Probably because Windows does not try to read the last block, unless it
is occupied by a file.  If it did, it probably would crash the bridges
too.

It would be interesting to know the details of what your Windows system
does when trying to read a file that occupies the faulty sector.  
There are programs around that are roughly equivalent to usbmon for
Windows; you could try one of them.

> Now, as far as I can tell, I have found a WTF of a standard.  I only have drafts of old T10 documents but it sure looks like a WTF unless something was fixed later.
> 
> In SCSI Block Commands, it seems to me that the READ CAPACITY (10) command (opcode 0x25) returns the number of blocks.

I'm not sure how you reached that conclusion.  In my rather old copy of
the SCSI-2 standard, section 9.2.7 (the READ CAPACITY command in the
chapter on Direct-access devices) says:

	A partial medium indicator (PMI) bit of zero indicates that the 
	returned logical block address and the block length in bytes
	are those of the last logical block on the logical unit.

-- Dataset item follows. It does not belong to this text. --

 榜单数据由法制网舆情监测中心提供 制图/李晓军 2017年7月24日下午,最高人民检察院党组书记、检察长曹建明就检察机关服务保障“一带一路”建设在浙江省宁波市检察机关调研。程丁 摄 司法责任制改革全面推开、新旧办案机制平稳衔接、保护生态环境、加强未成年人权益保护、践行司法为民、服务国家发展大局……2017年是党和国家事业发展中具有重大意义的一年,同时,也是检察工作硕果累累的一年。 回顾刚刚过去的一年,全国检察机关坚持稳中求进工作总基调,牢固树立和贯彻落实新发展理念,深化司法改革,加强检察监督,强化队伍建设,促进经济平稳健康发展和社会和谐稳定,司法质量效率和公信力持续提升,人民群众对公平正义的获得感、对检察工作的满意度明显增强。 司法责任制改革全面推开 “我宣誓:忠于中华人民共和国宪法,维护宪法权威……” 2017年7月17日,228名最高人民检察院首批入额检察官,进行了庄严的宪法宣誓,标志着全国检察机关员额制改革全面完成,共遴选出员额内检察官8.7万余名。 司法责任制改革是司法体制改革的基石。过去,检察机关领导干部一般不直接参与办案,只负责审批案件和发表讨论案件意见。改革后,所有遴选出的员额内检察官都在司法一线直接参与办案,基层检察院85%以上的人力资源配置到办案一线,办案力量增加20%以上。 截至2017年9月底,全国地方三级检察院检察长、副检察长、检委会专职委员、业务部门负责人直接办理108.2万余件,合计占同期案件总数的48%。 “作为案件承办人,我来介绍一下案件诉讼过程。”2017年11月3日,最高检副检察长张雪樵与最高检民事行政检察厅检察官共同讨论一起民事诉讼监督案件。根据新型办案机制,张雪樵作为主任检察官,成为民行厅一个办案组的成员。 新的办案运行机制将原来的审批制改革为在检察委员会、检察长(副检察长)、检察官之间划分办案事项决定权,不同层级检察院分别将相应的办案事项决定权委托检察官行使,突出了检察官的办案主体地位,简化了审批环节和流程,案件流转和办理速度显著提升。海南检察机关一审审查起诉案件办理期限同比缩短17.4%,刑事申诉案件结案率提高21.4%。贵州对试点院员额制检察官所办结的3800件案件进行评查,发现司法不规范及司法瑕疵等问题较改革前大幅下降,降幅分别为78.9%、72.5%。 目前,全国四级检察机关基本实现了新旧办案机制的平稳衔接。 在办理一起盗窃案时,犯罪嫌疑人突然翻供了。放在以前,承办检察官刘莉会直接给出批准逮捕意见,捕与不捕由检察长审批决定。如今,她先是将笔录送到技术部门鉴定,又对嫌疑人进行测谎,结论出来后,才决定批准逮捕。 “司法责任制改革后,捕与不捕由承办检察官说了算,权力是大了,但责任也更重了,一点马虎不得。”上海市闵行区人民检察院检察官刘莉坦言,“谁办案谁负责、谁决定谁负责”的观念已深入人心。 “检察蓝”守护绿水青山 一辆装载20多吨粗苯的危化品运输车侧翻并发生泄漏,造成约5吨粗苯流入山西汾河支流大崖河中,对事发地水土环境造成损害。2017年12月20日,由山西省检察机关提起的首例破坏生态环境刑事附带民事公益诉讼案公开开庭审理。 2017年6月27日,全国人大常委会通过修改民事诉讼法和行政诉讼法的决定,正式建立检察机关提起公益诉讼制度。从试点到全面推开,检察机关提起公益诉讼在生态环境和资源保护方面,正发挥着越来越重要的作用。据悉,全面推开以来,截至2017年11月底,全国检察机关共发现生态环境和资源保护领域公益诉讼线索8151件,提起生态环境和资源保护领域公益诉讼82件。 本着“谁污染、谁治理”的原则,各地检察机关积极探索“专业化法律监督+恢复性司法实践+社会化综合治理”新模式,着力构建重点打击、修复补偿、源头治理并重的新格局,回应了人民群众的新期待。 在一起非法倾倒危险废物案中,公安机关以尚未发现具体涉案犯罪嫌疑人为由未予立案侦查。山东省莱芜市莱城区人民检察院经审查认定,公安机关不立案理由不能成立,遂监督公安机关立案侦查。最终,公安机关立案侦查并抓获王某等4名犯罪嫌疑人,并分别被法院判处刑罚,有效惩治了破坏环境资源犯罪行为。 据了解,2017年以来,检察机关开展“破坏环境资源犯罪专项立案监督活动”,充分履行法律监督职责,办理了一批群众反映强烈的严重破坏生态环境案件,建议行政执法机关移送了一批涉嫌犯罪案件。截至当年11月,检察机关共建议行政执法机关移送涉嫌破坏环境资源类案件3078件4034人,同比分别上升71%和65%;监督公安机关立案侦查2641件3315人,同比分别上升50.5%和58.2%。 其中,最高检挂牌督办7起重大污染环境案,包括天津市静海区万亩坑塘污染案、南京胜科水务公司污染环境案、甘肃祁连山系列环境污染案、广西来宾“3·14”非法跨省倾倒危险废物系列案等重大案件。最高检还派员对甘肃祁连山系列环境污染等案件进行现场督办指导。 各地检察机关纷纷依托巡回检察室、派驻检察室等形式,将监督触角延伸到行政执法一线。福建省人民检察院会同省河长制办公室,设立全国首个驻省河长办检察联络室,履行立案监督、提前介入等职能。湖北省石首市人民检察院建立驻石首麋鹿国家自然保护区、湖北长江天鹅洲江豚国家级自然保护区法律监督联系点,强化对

And of course, the PMI bit _is_ zero for the commands we are talking
about.

> In Reduced Block Commands, it says explicitly that the READ CAPACITY command (opcode 0x25) returns the LBA of the last logical block of the media contained in the device.  So a USB-to-ATA bridge is required to subtract 1 from the number of blocks reported by ATA IDENTIFY, and a USB-to-SCSI bridge has to subtract 1 from the result of READ CAPACITY (10).  (Our present discussion involves the fact that a defective bridge might not subtract that 1, whereupon the next step gets spindled and mutilated.)
> 
> If a driver wants the last block number then it has to subtract 1 in the case of SCSI, and it wants the number of blocks then it has to add 1 in the case of USB.  Did I really read this right?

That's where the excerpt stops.